Secret Music
「響也くんは誰が好きな人いるの?」

演奏が終わった後、不意に鳥本さんが訊ねてくる。いきなり聞かれたものだから驚いた。

「えっ!?そんなこと急に聞かれても……」

恋は叶わないことが多い。でも、相手を想っている時が楽しいと聞いたから別にいいかなって思ってる。

「いないよ」

「じゃあ気になる人は?」

「それもいないかな」

僕がそう言うと、鳥本さんはプクリと頰を膨らませる。

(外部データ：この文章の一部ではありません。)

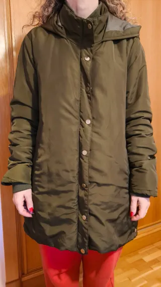 -Abrigo largo acolchado -Stradivarius talla L -Apertura abajo con 3 corchetes ****OJO! usado pudiendo tener pequeños detalles de uso,como por ejemplo en los corchetes,pero perfectamente aprovechable para diario****
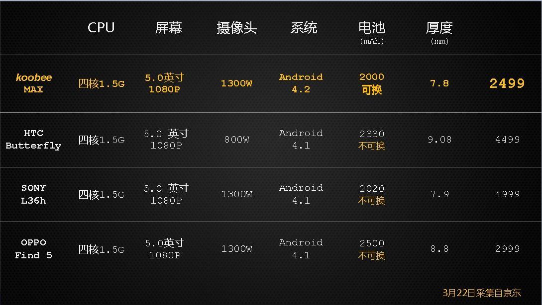 koobee 四核旗艦MAX在發布會上公布售價為2499元,京東活動預訂期間,下單立減200元,售價只需2299元。此次活動中贈送的大禮包份量也是相當的豐厚。擁有28nm四核處理器、5寸1080p屏幕、1300萬像素配置的酷比旗艦機型MAX,2299元的零售價相當具有吸引力,而這也是目前小編得知的較低價格5寸1080p四核旗艦機型,直接秒殺了傳說中性價比之王的“小米2”。而以2499元的售價來看,koobee MAX也是目前市場上在售機型中性價比較高的四核1080p手機。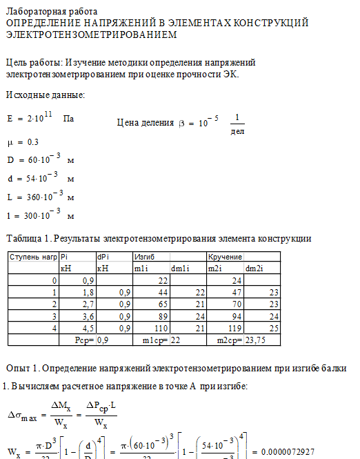 Цель работы: изучение методики и определение напряжений в элементах конструкций электротензометрированием; сравнение расчетных и экспериментальных значений напряжений.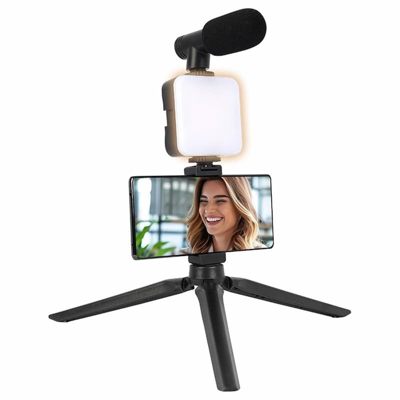 kit vlogging smartphone, micro pour téléphone, lumière LED pour vlog, accessoire vidéo mobile, poignée stabilisatrice smartphone, équipement vloggers, kit création contenu mobile, kit youtubeur portable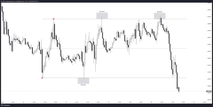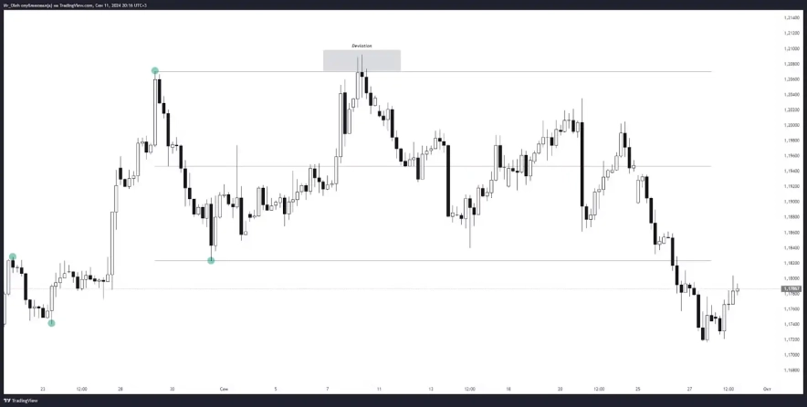 Для трейдерів важливо визначити слабкість однієї зі сторін ринку під час девіації. Наприклад, якщо ціна виходить за межі верхньої границі боковика, треба оцінити, чи є ознаки слабкості покупця. Якщо за межами боковика не формується злам структури на LTF, то девіація може не підтверджуватись.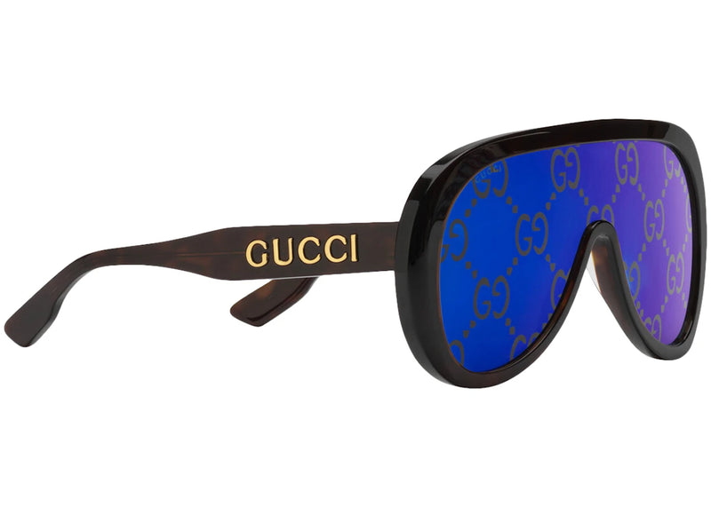 The Gucci Oversize Mask Sunglasses Tortoiseshell/Blue (720723 J0741 2340) is now available at Side Kicks!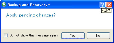 これは注意画面です。このソフトは設定を終えた後にメインウインドウでApplyボタンをクリックしないとリカバリ処理に入りません。そのための注意喚起を行っています。Finishボタンをクリックして設定ウインドウを閉じます。再び最初の画面に戻るので、上部のメニューのアイコン類の少し下にある一番左側のApplyボタンをクリックします。設定前はグレーで選択できませんでしたが、今はクリックできるようになっています。Applyボタンをクリックすると下図のダイアログが表示されます。リカバリ作成作業を開始するかの選択ですので、Yesをクリックして次に進みます。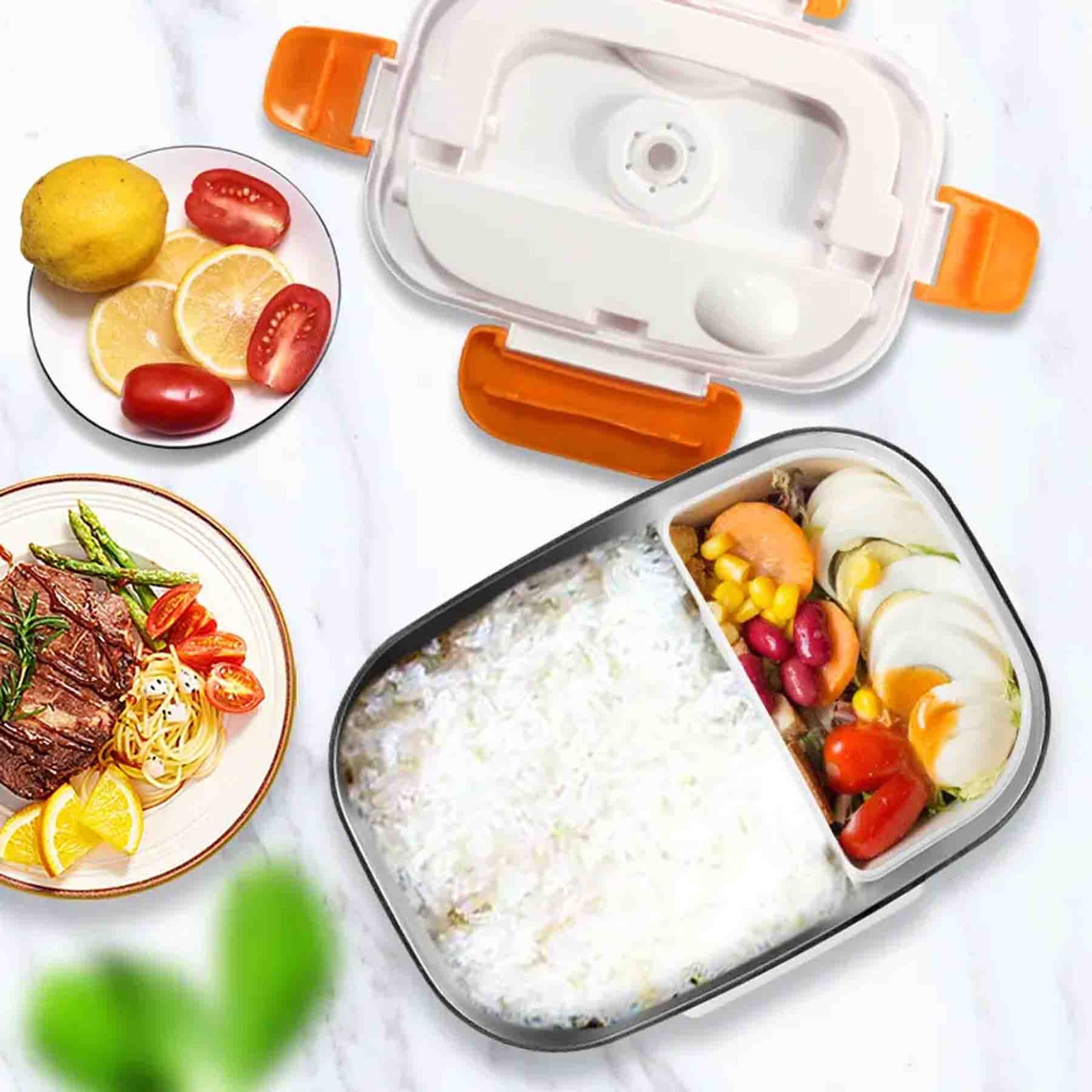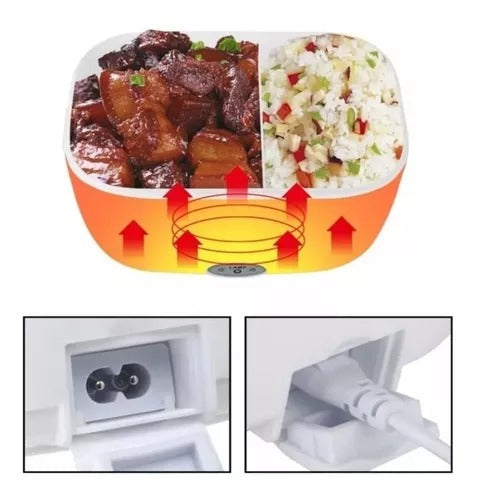 Fiambrera eléctrica portátil diseñada para recalentar comidas sobre la marcha. Con capacidad de 1,5L y potencia de 40W, calienta alimentos a 50-60°C en aproximadamente 30 minutos mediante tecnología PTC de temperatura constante. Construida en polipropileno de grado alimentario, incluye compartimentos separables con junta de silicona hermética, asa ergonómica y cuchara. Dimensiones: 23 x 16 x 10 cm. Ideal para oficina, viajes o actividades al aire libre. Mantiene el calor hasta 15 minutos después de apagar. No apta para microondas ni inmersión en agua. Garantía de 10 días.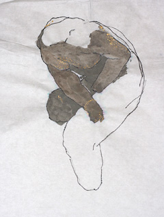 ←「象る/トルソ」 2008年 水彩、石、ペン、鉛筆、紙 33×25cm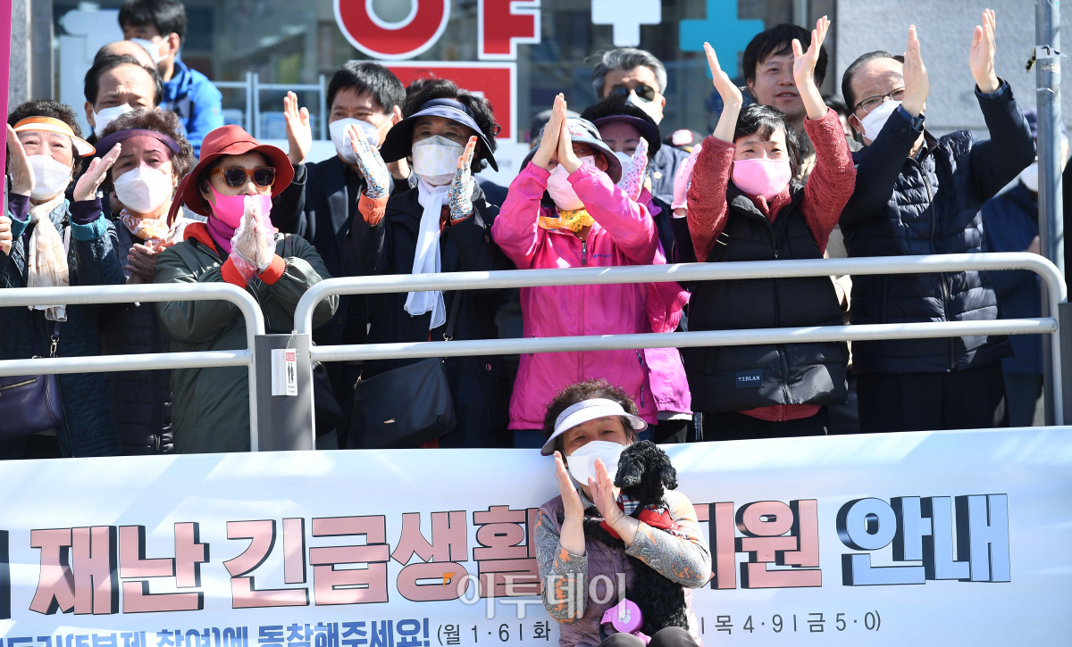 13일 서울 동작구 상도동의 한 거리에서 시민들이 21대 총선 동작을에 출마한 나경원 미래통합당 후보의 발언을 듣고 있다.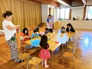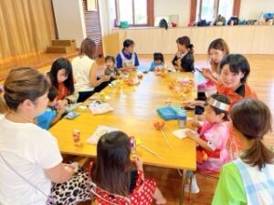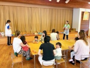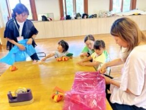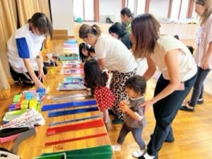 先生のお話を聞き、“どんなものを作ろうかな~?”と、お母さんと一緒に楽しみに、仮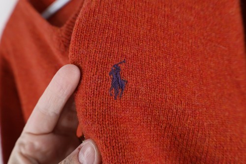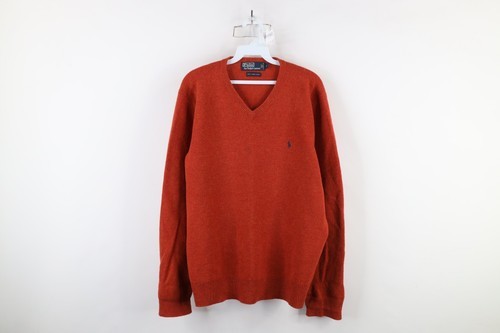 Vintage 90s Ralph Lauren Mens Large Blank Lambswool Knit V-Neck Sweater Orange

まるで駄々をこねた小さな子どもか頬袋にエサを詰め込んでいるハムスターだ。

「特別だからこうしてそばにいるのに!」

鳥本さんは怒った目で僕を見つめる。その目には、なぜか涙……。

「ああ〜、もう!!悔しい〜!!」

鳥本さんはそう言って、僕の胸ぐらを掴んで揺さぶった。こんな子どもっぽいところもあるんだ。こんな時なのに、僕は驚きもせずに鳥本さんを見つめる。

「鳥本さん」

僕がそう呼ぶと、鳥本さんの動きがピタリと止まる。そして、真っ赤な顔で僕を睨んでいた。